Muve design développe du transmédia combinant réalité augmentée, réalité virtuelle et divertissement toutes plateformes. Story Labs est un groupe de formation au transmédia qui rassemble des producteurs des scénaristes, des agences et des annonceurs.Pour avoir la version intégrale de l’ITV en Anglais, cliquez ici.

Comment ?

Sur quel projet travaillez-vous ?
Je suis en train de développer un film en réalité augmentée, avec des acteurs sur fond vert plongés dans le monde réel. Il y a aussi une version jeu de ce projet où les acteurs sont remplacés par des personnages. Avec « Physical TV », je développe une sorte de danse spirituelle avec la réalité augmentée.

Vous avez écrit la Bible du transmédia pour Screen Australia
Screen est une fondation. Ces fondations attirent des gens formidables , qui sont mobilisés par les changements en cours. Screen Australia écoute regarde les tendances et répond à cela de manière très rapide. Ils sont tès connectés sur des expériences transmédia en Asie et en Australie. J’ai écrit cette bible parceque je suis souvent à évaluer des projets de production, qui sont présentés de manière très inégale. Certains sont très légers sur la narration cross média, d’autres pêchent sur l’aspect business. Du coup ces projets sont très difficiles à évaluer. Avec la bible, que j’ai utilisée depuis sept ans dans mon travail, nous avons un corpus pour les juger. Cela vous aide à initier votre projet, une fois que vous avez l’idée. J’espère que d’autres vont encore étendre cette bible.

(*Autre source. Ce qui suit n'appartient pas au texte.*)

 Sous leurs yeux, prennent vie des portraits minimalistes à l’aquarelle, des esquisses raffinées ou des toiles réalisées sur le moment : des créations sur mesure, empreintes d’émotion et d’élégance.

Vos projets australiens préférés ?
Les productions de  hoodlum, « Fat cow motel » de 2003, un projet avant gardiste où toute une communauté s’est créée autour de l’histoire, une soret de South Park avec de vraies gens, qui devenaient des personnages d’une histoire, et qui réagissaient dans les forums, et dont les réactions influaient sur le cours de l’histoire.
Hodlum produit actuellement Slide. Avec 5 ou 6 jeunes qui sont plongés dans des scénarios intéressants. Le Web permet de suivre l’histoire entre les épisodes télé, de se connecter et de parler aux personnages. L’une des caractéristiques d’un scénario transmédia réussi, c’est quand les personnages ont des vies en dehors des médias linéaires, sont partie prenante de votre vie et sont interconnectés avec votre vie sociale. Au niveau international, j’aime beaucoup Pandemic, de Lance Weiler, à cause de son intensité. J’apprécie aussi beaucoup floatingcity , le jeu transmédia de Thomas Dolby.

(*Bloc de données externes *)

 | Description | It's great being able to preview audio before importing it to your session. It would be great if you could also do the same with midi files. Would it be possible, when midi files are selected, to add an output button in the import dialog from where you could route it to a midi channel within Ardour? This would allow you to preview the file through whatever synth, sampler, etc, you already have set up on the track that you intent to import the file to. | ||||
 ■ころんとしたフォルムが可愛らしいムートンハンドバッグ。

Le plus gros challenge pour le transmédia ?
Se faire connaitre et expliquer ce nouveau type d’expérience. Vous pouvez rencontrer quelqu’un au milieu de la jungle et discuter avec lui d’avatar. Mais si vous parlez à un expert transmédia d’un projet transmédia, il ne le connait pas.  Comment le public va-t-il nommer ces projets, comment va -t-il les partager ? Vous ne pouvez pas partager quelque chose sans expliquer ce que c’est. Et puis, c’est très difficile de résumer l’effet qu’un programme transmédia a sur vous.

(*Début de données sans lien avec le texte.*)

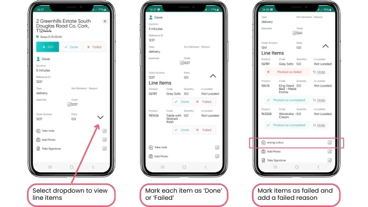 - The driver marks the successfully delivered items as complete.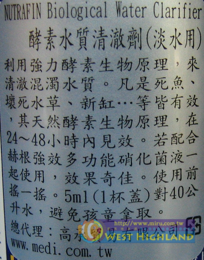 利用強力酵素生物原理,來清澈混濁水質。凡是死魚、壞死水草、新缸...等皆有效,期天然酵素生物原理,在24~48小時內見效。若配合赫根強效多功能消化菌液一起使用,效果奇佳。使用前搖一搖。5ml(1杯蓋)對40公升水,避免孩童拿取。 |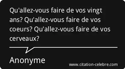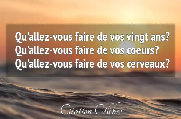 Qu'allez-vous faire de vos vingt ans? Qu'allez-vous faire de vos coeurs? Qu'allez-vous faire de vos cerveaux?
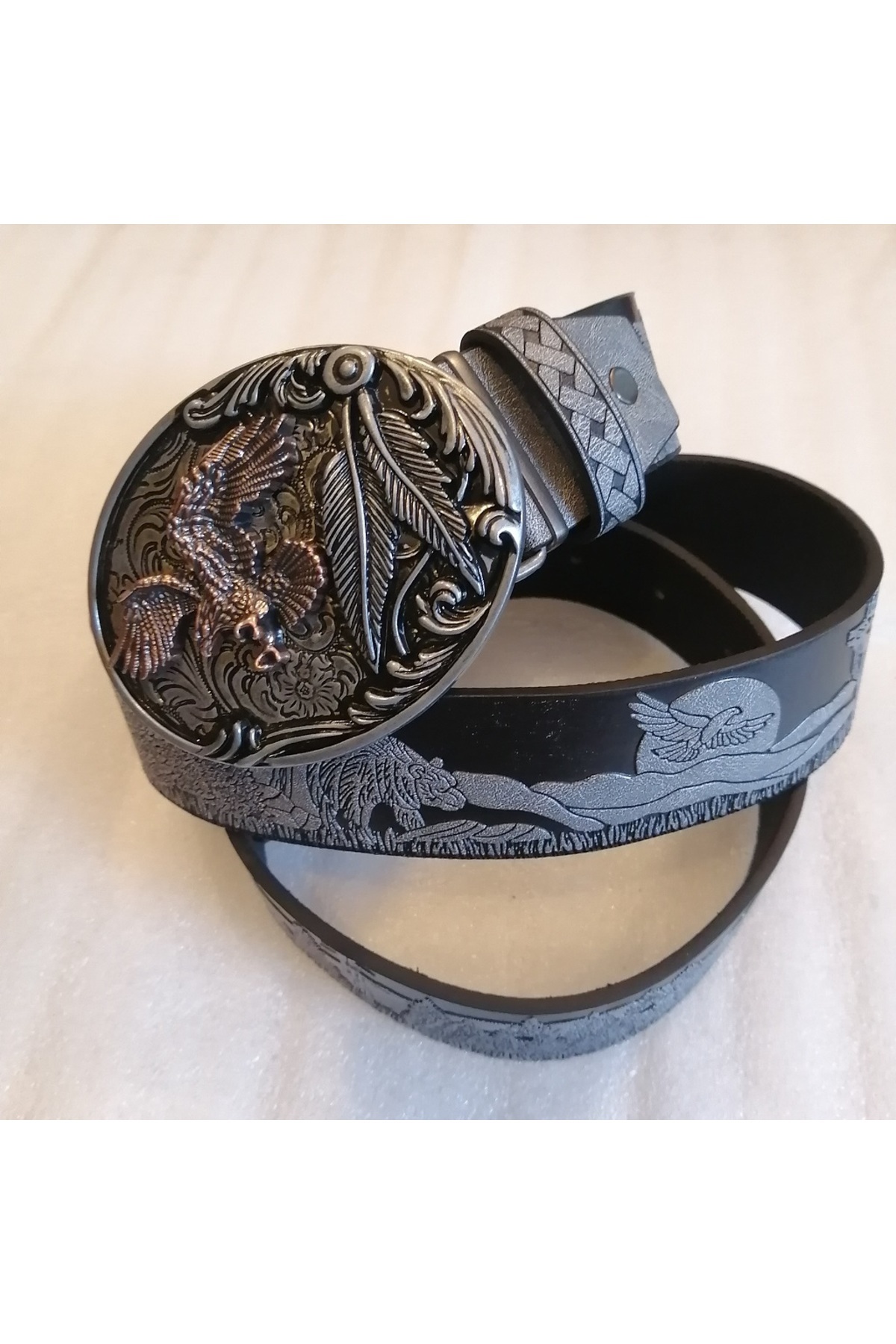Unisex otantik suni deri siyah gri baskılı desenli gümüş bakır kartal kovboy tokalı kemer Tayland Unisex otantik suni deri siyah gri baskılı desenli gümüş bakır kartal kovboy tokalı kemer Tayland 5576619 120 CM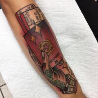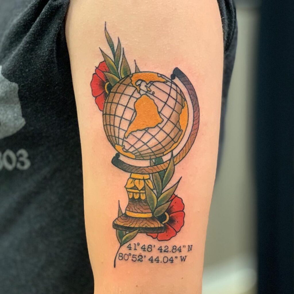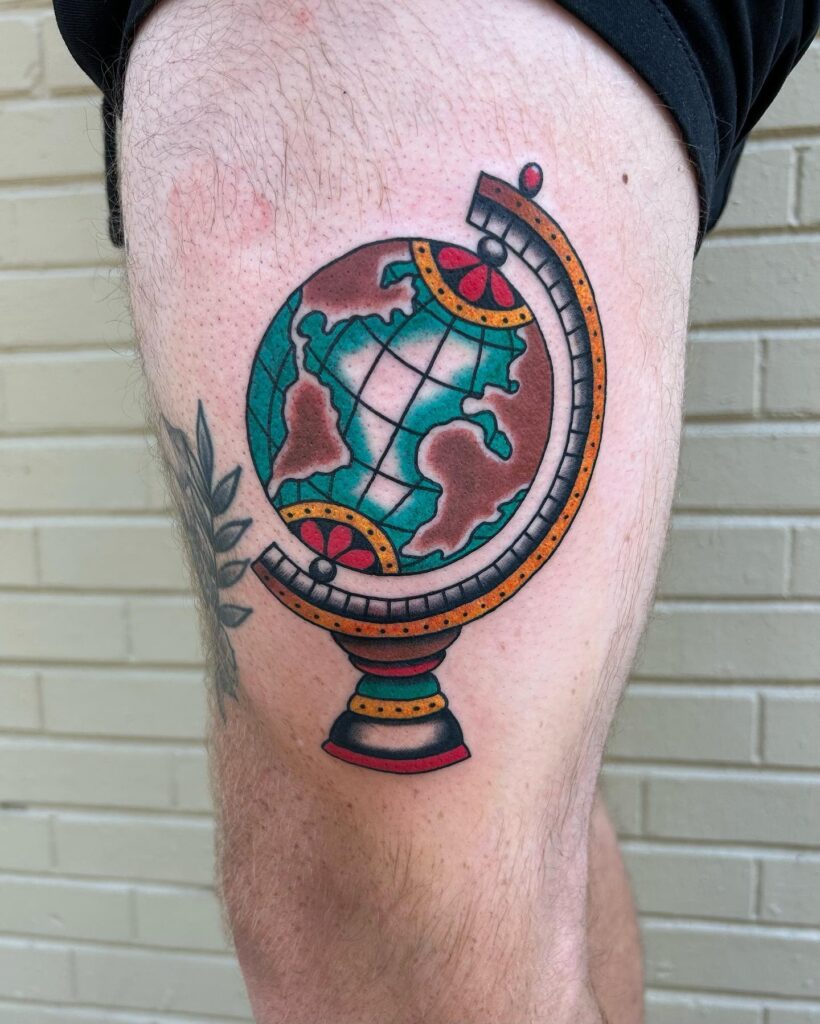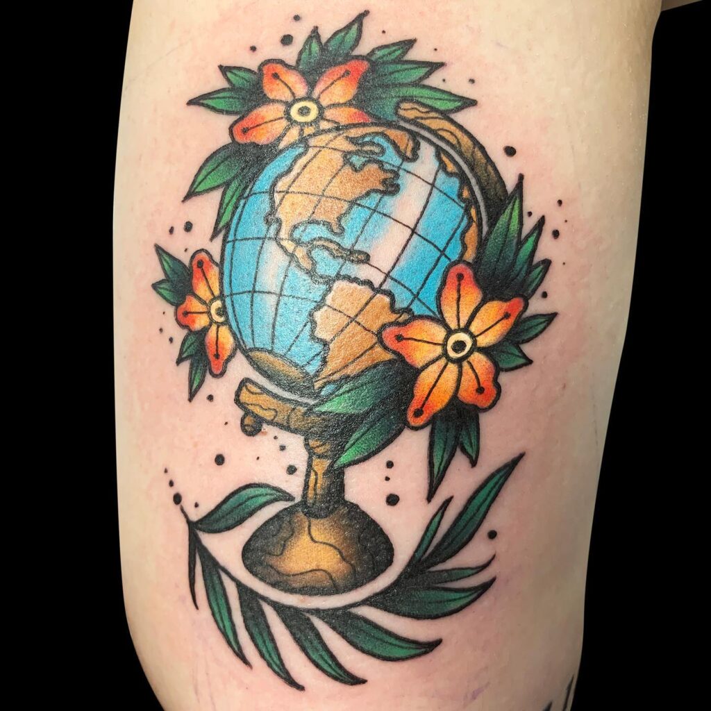 This tattoo blends a classic globe design with bold floral elements, creating a striking old-school look. The globe itself is detailed with rich blue oceans and brown continents, while the surrounding flowers add warmth and natural balance. The yellow and red stand enhances the vintage aesthetic, tying it to the timeless tattoo tradition.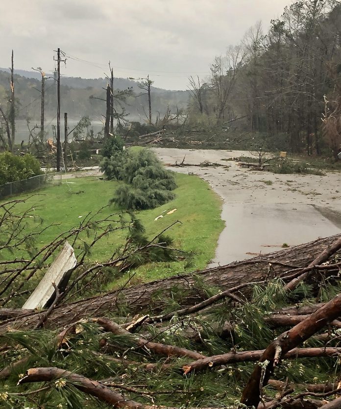 The park suffered widespread tree damage in areas near Alabama Highway 119, as well as damage to the park’s campground and cable skiing areas. No injuries were immediately reported.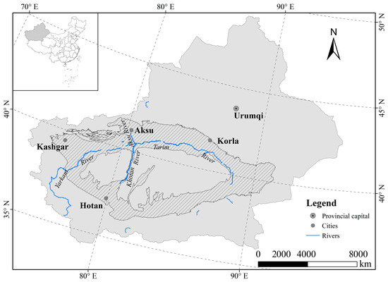 The study area is the area of the Circum-Tarim Basin (74°18′5″ E~91°24′1″ E, 35°59′24″ N~42°1′34′ N), with the Tianshan Mountains, Alshan Mountains and Kunlun Mountains in the north, northeast and southwest, respectively. This region is located in the continental arid climate zone, with hot and dry weather, average temperature 10.7 °C, large annual and daily temperature differences, scarce precipitation (average annual average 17.4~42.8 mm), and high evapotranspiration intensity (1800~2900 mm), which is prone to desertification [49]. The altitude range of the study area is 702 m~3526 m, and the total area is 3.294 × 107 ha. The Circum-Tarim Basin is the main population distribution area in southern Xinjiang, with several important distributing rivers, such as Aksu River, Tarim River, Khotan River, and Yarkant River, and it is also a major development area for industry and agriculture. The total area of the study area is 32.94 × 104 km2. The location diagram of the research area is shown in Figure 1.

Par exemple, la seule manière de partager Pandemic est au travers d’un trailer vidéo. Vous devez donc aller sur un média linéaire pour partager l’expérience. Mais il y a aussi de grandes opportunités. Avec les tablettes vous pouvez transporter partout dans le monde réel vos jeux, films télé et mondes musicaux. C’est formidable pour les scénaristes du transmédia. D’ailleurs le transmédia devient obsolète, car aujourd’hui, il y a une convergence des programmes vers ces tablettes et téléphones améliorés.